Look through the lines below, find those with the word "Public", and copy them.

§ Supplied data:
-- Opening Marker --

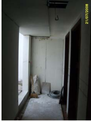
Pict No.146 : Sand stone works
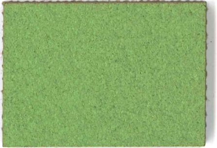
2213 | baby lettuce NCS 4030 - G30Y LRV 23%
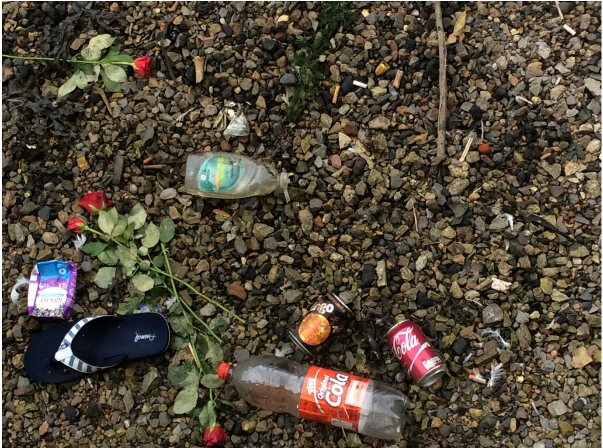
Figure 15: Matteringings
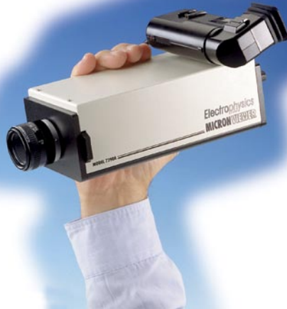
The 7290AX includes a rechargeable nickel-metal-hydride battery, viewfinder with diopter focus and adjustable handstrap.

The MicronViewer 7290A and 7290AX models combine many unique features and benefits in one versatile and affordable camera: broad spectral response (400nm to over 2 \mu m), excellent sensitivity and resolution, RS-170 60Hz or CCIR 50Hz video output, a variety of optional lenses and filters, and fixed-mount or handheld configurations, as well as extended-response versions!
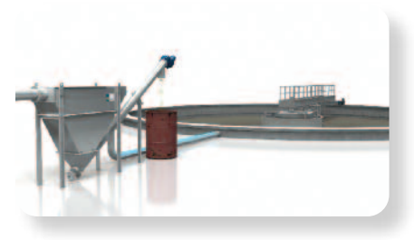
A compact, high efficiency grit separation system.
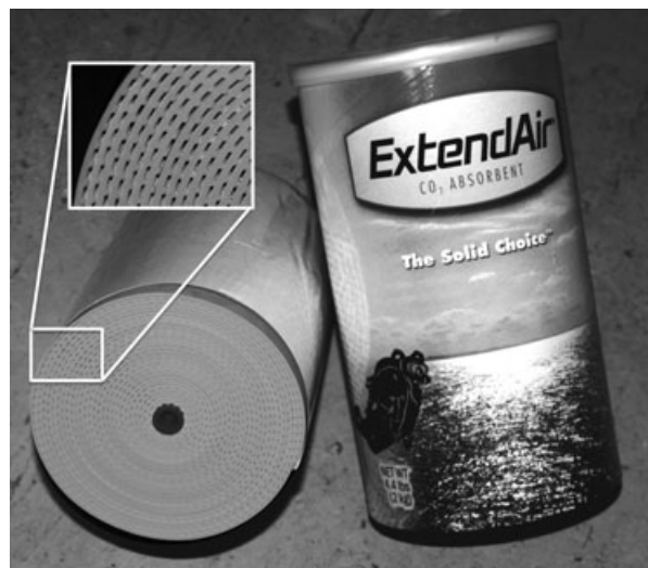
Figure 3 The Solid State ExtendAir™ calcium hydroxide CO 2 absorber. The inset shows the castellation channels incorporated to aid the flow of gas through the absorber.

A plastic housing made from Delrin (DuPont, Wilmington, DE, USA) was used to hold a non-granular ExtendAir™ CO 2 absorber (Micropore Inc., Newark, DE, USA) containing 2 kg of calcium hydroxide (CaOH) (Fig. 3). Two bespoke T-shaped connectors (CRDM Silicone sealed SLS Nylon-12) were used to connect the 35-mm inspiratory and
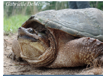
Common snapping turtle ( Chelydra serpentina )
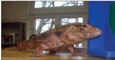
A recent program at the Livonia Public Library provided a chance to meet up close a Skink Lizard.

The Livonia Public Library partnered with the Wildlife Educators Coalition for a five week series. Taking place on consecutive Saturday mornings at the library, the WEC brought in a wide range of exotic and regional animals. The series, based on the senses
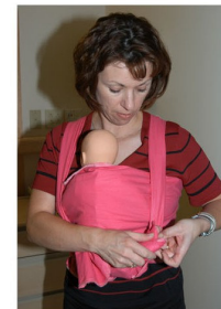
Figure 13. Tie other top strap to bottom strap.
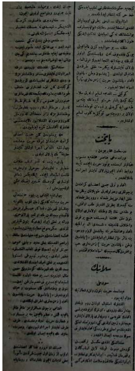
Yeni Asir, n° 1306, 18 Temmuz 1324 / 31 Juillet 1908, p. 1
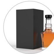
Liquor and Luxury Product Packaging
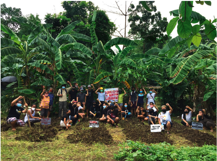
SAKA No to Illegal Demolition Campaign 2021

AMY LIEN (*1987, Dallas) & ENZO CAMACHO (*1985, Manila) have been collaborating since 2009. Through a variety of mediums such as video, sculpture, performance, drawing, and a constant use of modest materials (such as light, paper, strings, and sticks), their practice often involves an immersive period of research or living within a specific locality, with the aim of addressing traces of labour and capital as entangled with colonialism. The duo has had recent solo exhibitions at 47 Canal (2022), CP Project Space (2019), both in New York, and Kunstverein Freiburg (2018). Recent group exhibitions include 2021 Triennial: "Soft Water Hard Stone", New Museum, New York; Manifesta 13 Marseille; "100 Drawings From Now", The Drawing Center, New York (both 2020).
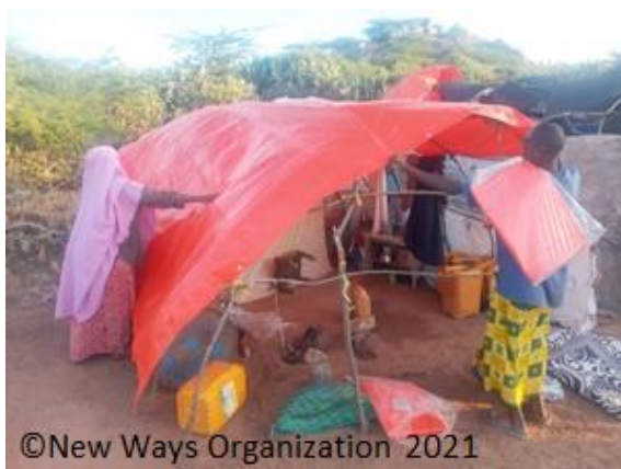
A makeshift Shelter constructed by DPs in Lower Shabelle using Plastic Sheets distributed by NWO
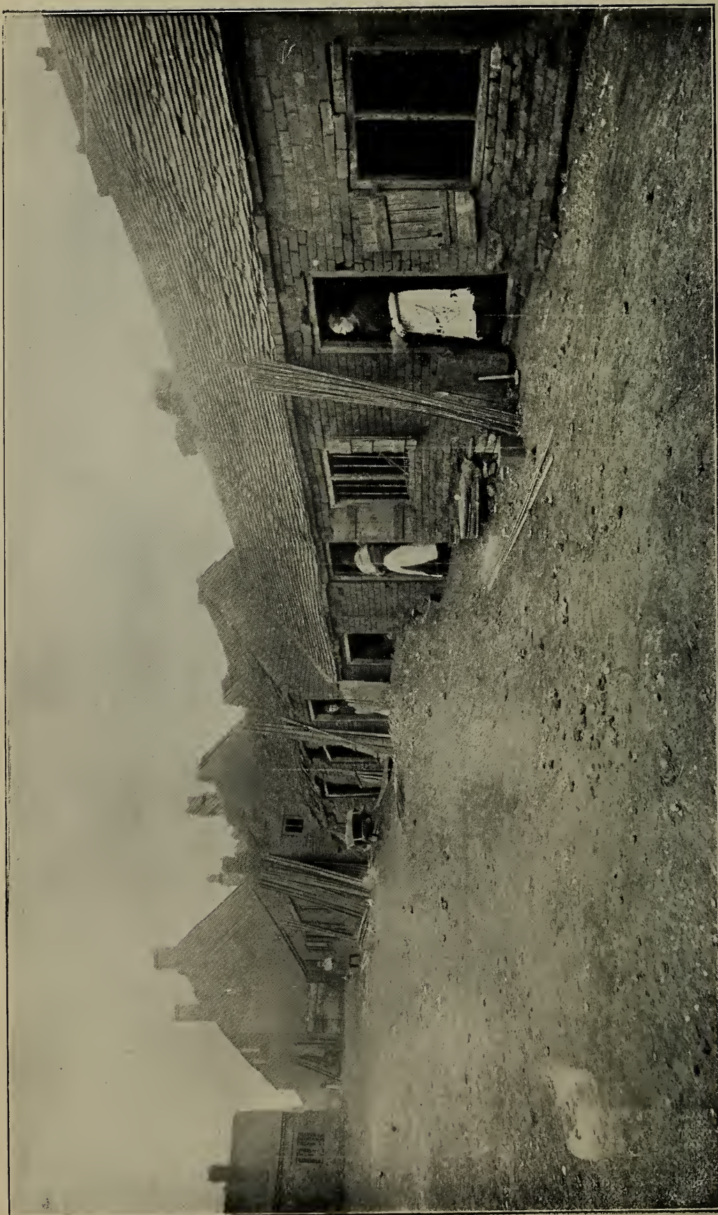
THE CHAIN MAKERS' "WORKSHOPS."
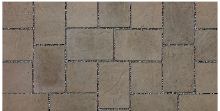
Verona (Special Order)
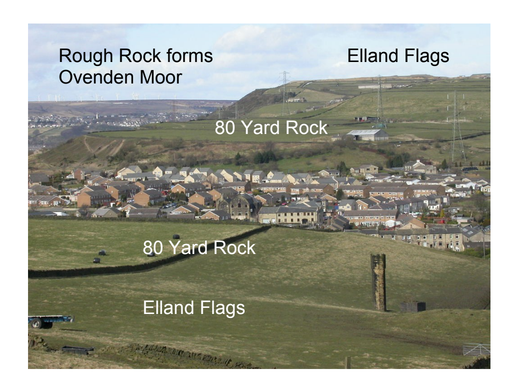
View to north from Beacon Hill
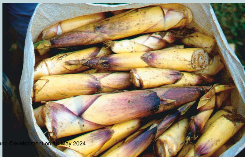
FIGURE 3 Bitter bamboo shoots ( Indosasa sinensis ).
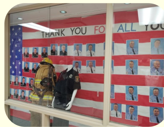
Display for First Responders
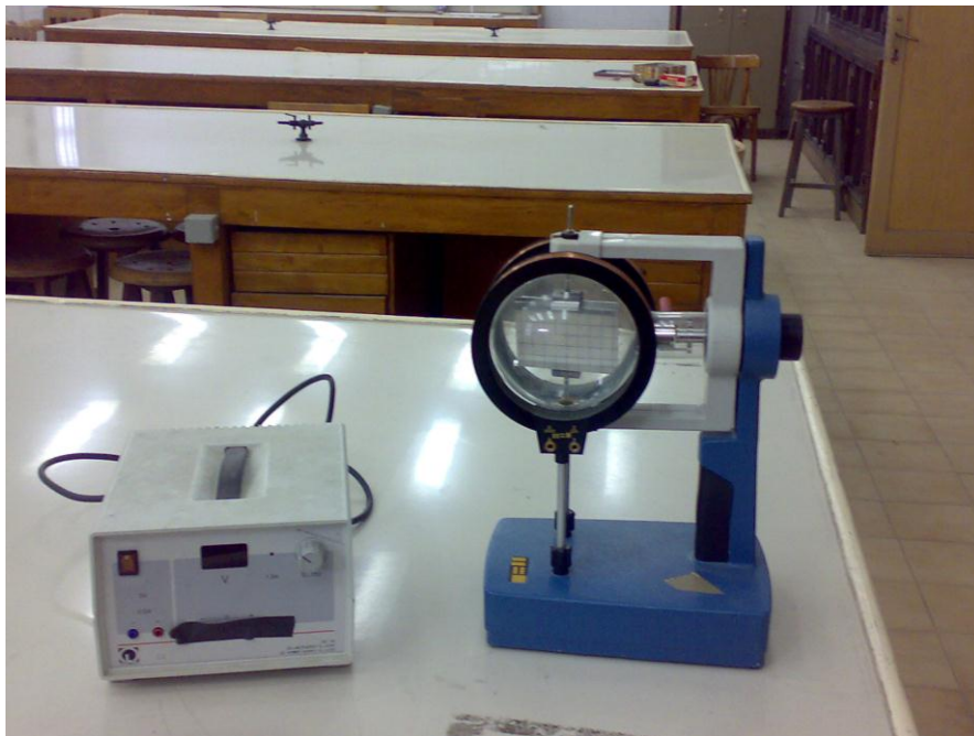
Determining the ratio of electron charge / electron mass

-- Closing Marker --

§ Output for this task:
A recent program at the Livonia Public Library provided a chance to meet up close a Skink Lizard.
The Livonia Public Library partnered with the Wildlife Educators Coalition for a five week series. Taking place on consecutive Saturday mornings at the library, the WEC brought in a wide range of exotic and regional animals. The series, based on the senses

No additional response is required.